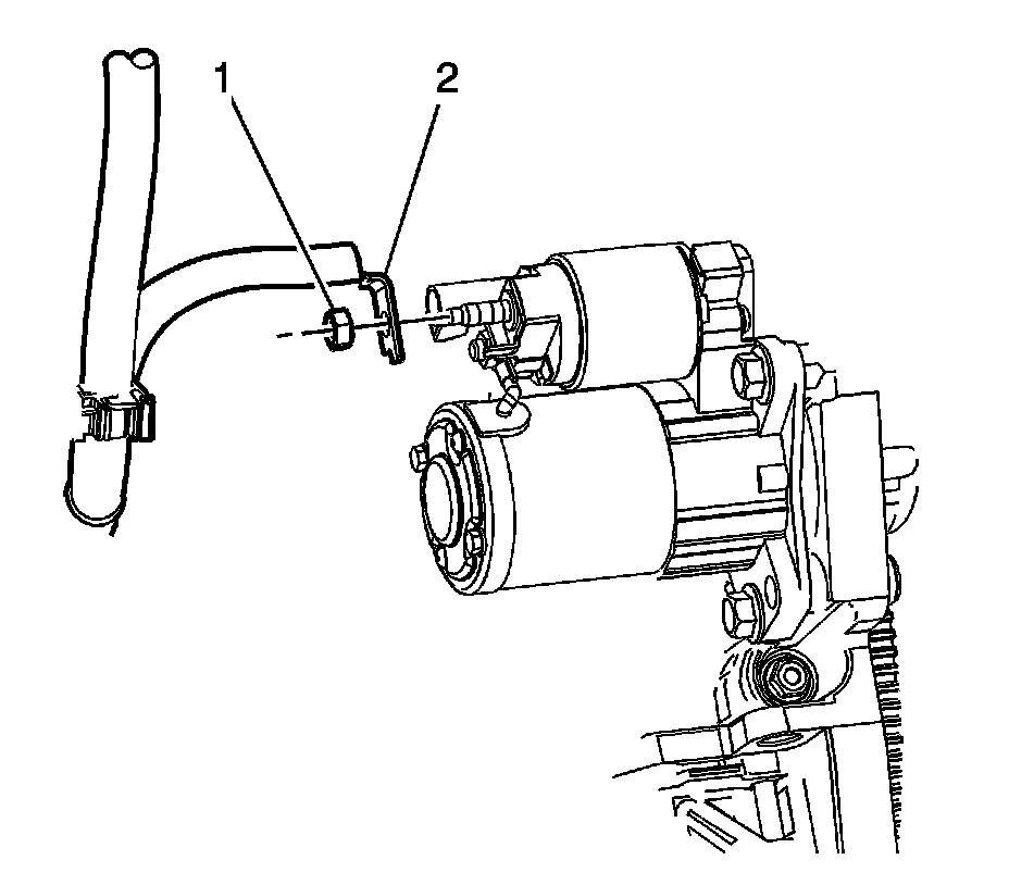 8. Remove the battery positive cable nut (1) and the battery positive cable terminal (2), from the starter.
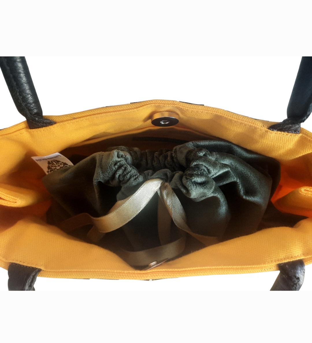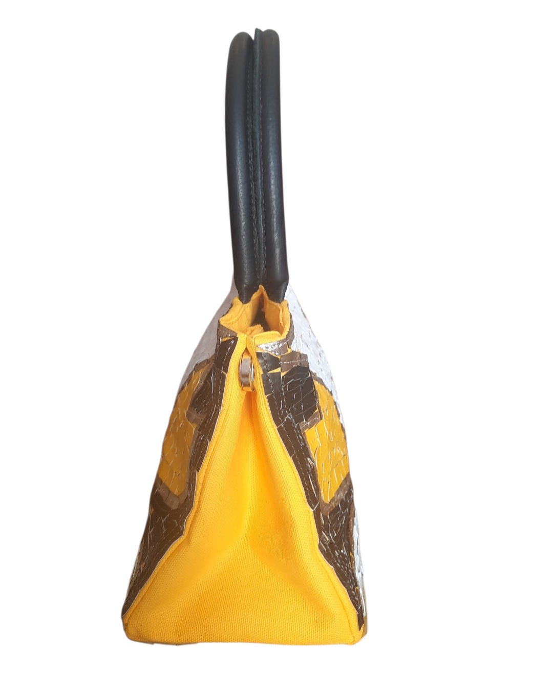 Feita manualmente com a nossa exclusiva técnica de bordado em mosaico, reutilizando resíduos plásticos, cortados em pastilhas, coladas e costuradas em tecido de algodão.
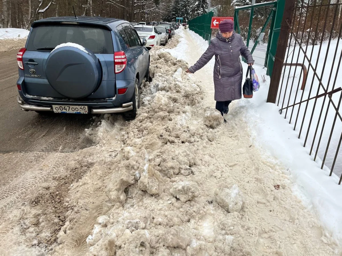 Заваленные снегом парковочные места, нечищеные тротуары и пешеходные дорожки, - дорога выматывает калужан.
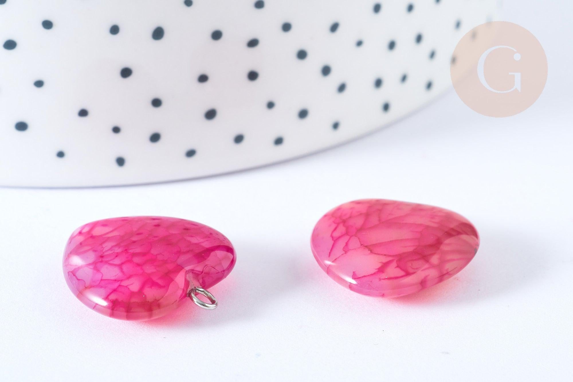 Fall for this heart pendant in natural Brazilian agate dyed on its silver iron support. You can create magnificent necklaces, necklaces and earrings using this very trendy pendant.
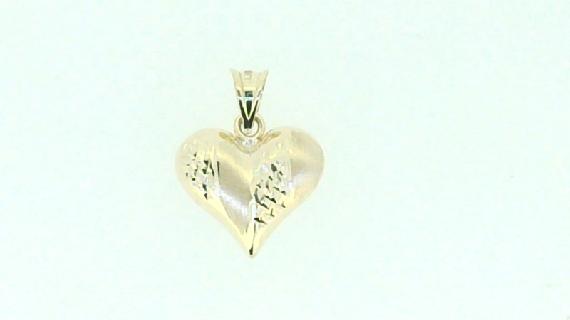 D.Cut & Satin Finish Puffed Heart Pendant 10KT/15MM
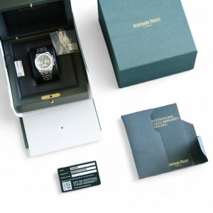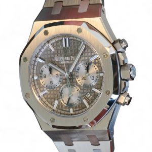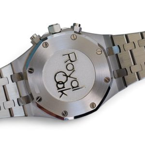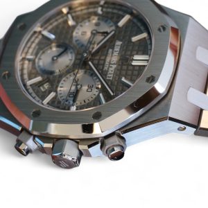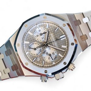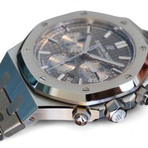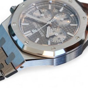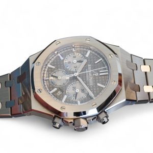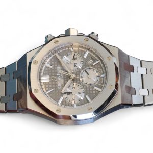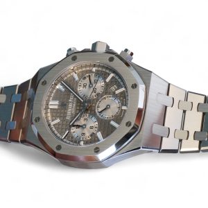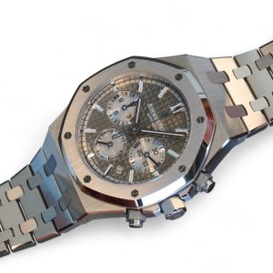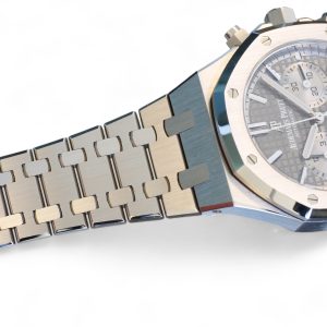 This Audemars Piguet Royal Oak on offer for sale is a rare opportunity to acquire a now discontinued, and a very collectible, and beautiful AP Royal Oak Chronograph Grey Dial with contrasting silver sub dials model 26315ST in a very wearable 38mm case size.
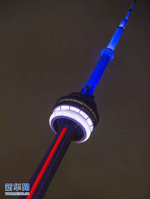 Torre de CN en Toronto, Canadá, iluminada con los colores de la bandera francesa como una se?al de luto por las víctimas de los ataques terroristas de París.
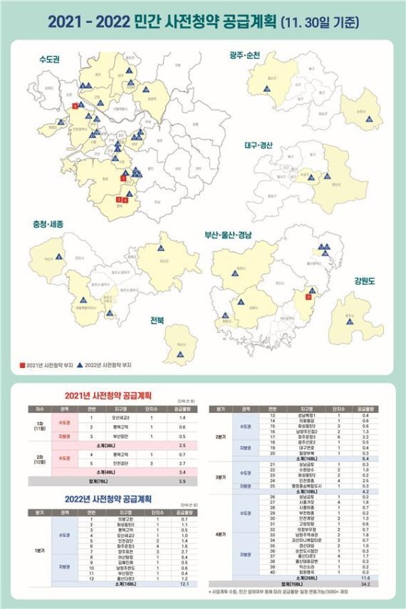 30일 국토부에 따르면 올해 두 차례에 걸쳐 공급되는 6000가구는 ▲오산세교2 1400가구 ▲평택고덕 600가구 ▲부산장안 500가구 ▲평택고덕 700가구 ▲인천검단 2700가구 등이다. 국토부는 이날 1차 민간 사전청약 모집 공고한 뒤 12월 중 3400가구 규모로 2차 사전청약을 실시할 방침이다.
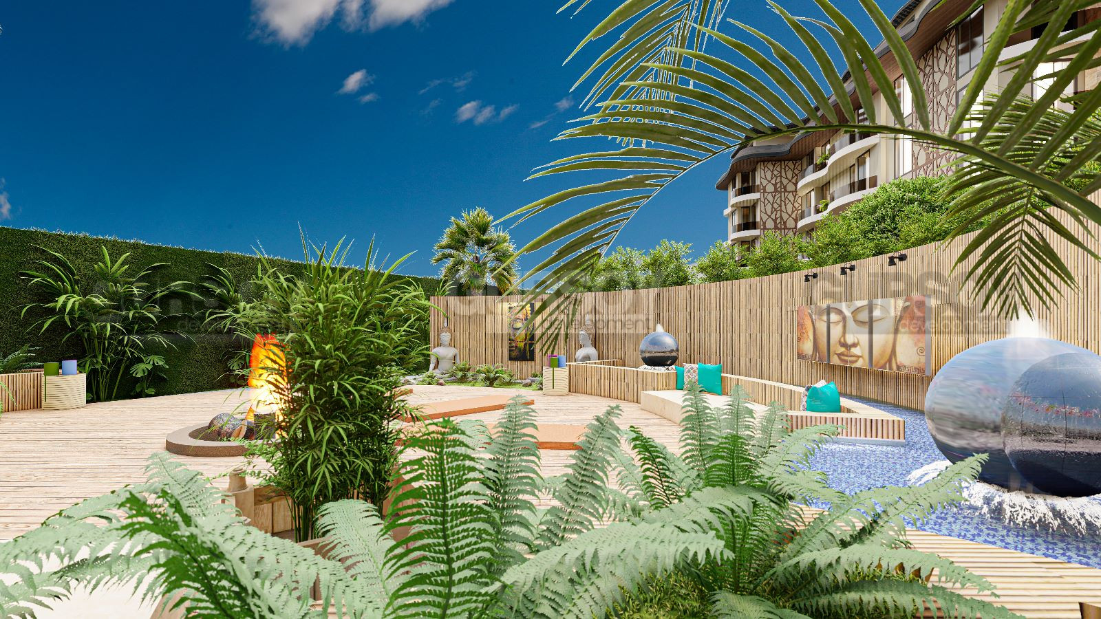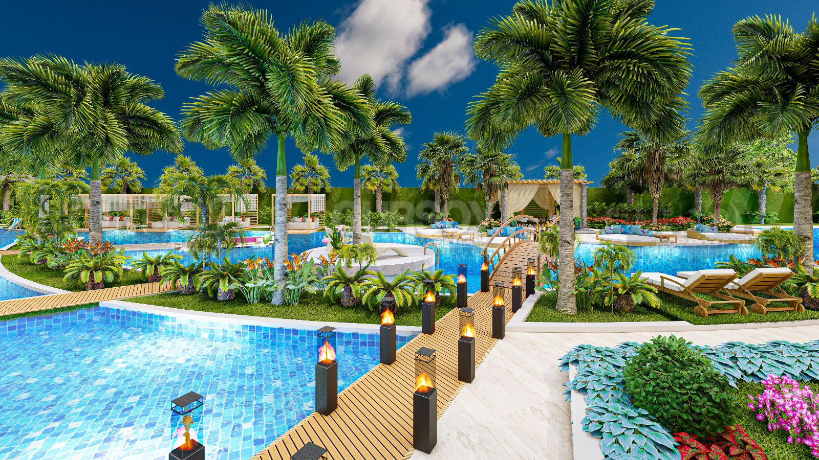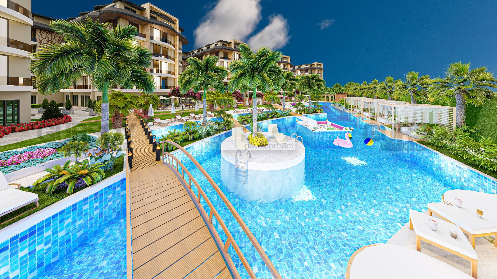 Открытый бассейн площадью 700 м² с джакузи и детским бассейном предоставит возможность для отдыха на свежем воздухе. Кинотеатр под открытым небом, зоны отдыха, место для занятия йогой, working space, библиотека, бильярд и настольный теннис - это всё, что нужно для комфортного отдыха и развлечений в любое время дня и ночи.
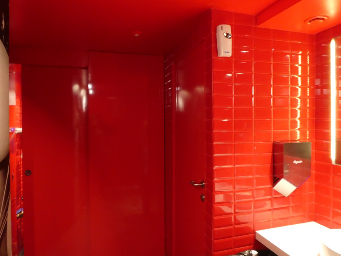 And the toilettes in the Steak and Shake were red, and I do mean RED! The bathrooms in the chain places like this one (and McDonald’s, Five Guys, Burger King, etc.) require a code which is printed on your receipt so that non-customers cannot use them,
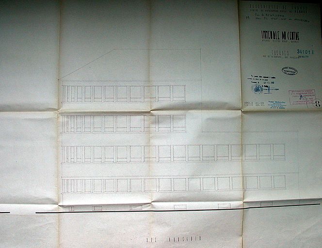 Elévation de la façade rue Pobéguin par Guillou, 1959. AM Vannes 1G59.Immatriculation
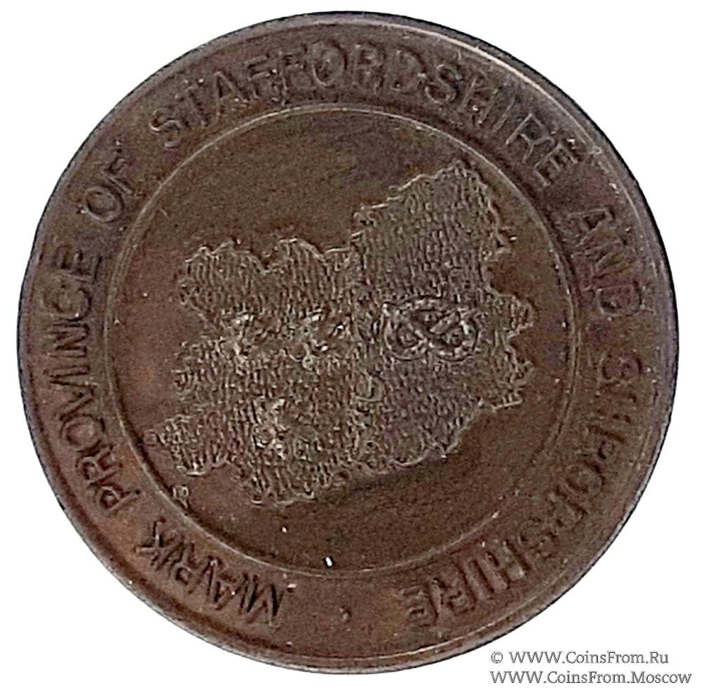 РЕВЕРС: двойной круг с наименованием провинций – Mark Province of Staffordshire and Shropshire. В центре изображение очертания границ и символов провинций.
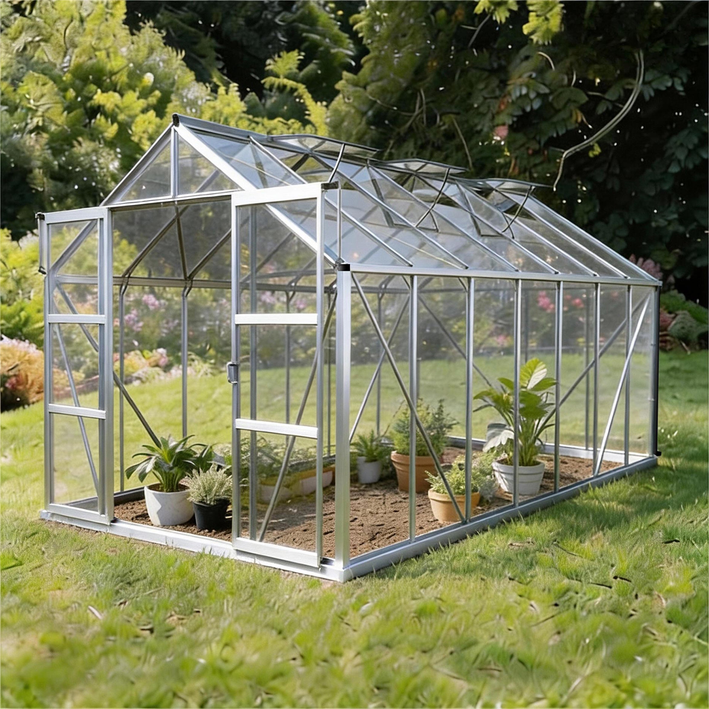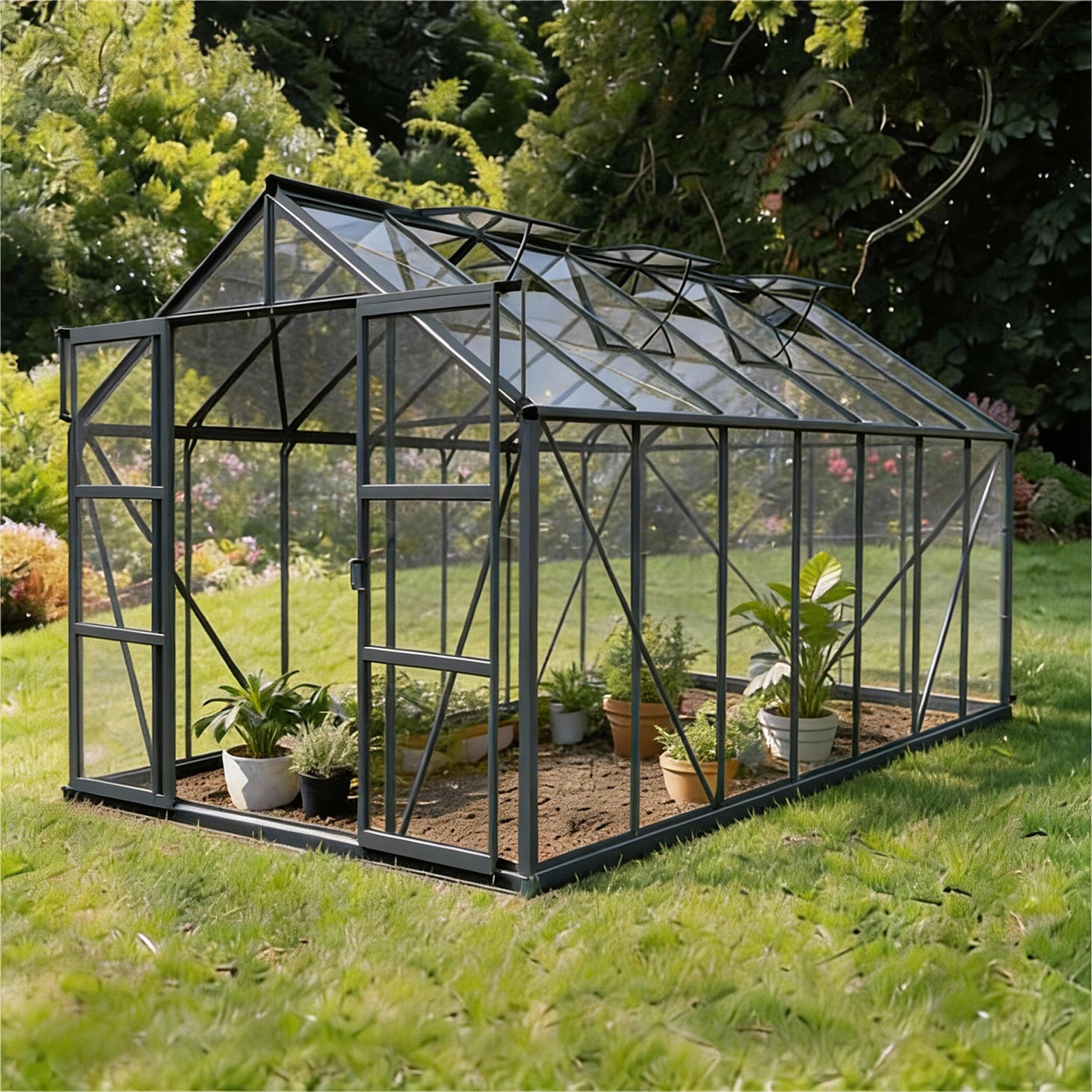 De aluminiumconstructie met veiligheidsglas is ontworpen voor stabiliteit en langdurig gebruik. De dubbele schuifdeur geeft makkelijke toegang, en de zes dakvensters zorgen voor uitstekende luchtcirculatie. De hemelwaterafvoer en het funderingsframe zijn standaard inbegrepen, wat deze kas tot een duurzame en complete oplossing maakt.

____

■ **WORK TO COMPLETE**: Within the listing above, the lines from the one with "D.Cut & Satin" through the one with "And the toilettes" are to be given again word for word. Do not include pictures.

■ **YOUR RESPONSE**:
 D.Cut & Satin Finish Puffed Heart Pendant 10KT/15MM
 This Audemars Piguet Royal Oak on offer for sale is a rare opportunity to acquire a now discontinued, and a very collectible, and beautiful AP Royal Oak Chronograph Grey Dial with contrasting silver sub dials model 26315ST in a very wearable 38mm case size.
 Torre de CN en Toronto, Canadá, iluminada con los colores de la bandera francesa como una se?al de luto por las víctimas de los ataques terroristas de París.
 30일 국토부에 따르면 올해 두 차례에 걸쳐 공급되는 6000가구는 ▲오산세교2 1400가구 ▲평택고덕 600가구 ▲부산장안 500가구 ▲평택고덕 700가구 ▲인천검단 2700가구 등이다. 국토부는 이날 1차 민간 사전청약 모집 공고한 뒤 12월 중 3400가구 규모로 2차 사전청약을 실시할 방침이다.
 Открытый бассейн площадью 700 м² с джакузи и детским бассейном предоставит возможность для отдыха на свежем воздухе. Кинотеатр под открытым небом, зоны отдыха, место для занятия йогой, working space, библиотека, бильярд и настольный теннис - это всё, что нужно для комфортного отдыха и развлечений в любое время дня и ночи.
 And the toilettes in the Steak and Shake were red, and I do mean RED! The bathrooms in the chain places like this one (and McDonald’s, Five Guys, Burger King, etc.) require a code which is printed on your receipt so that non-customers cannot use them,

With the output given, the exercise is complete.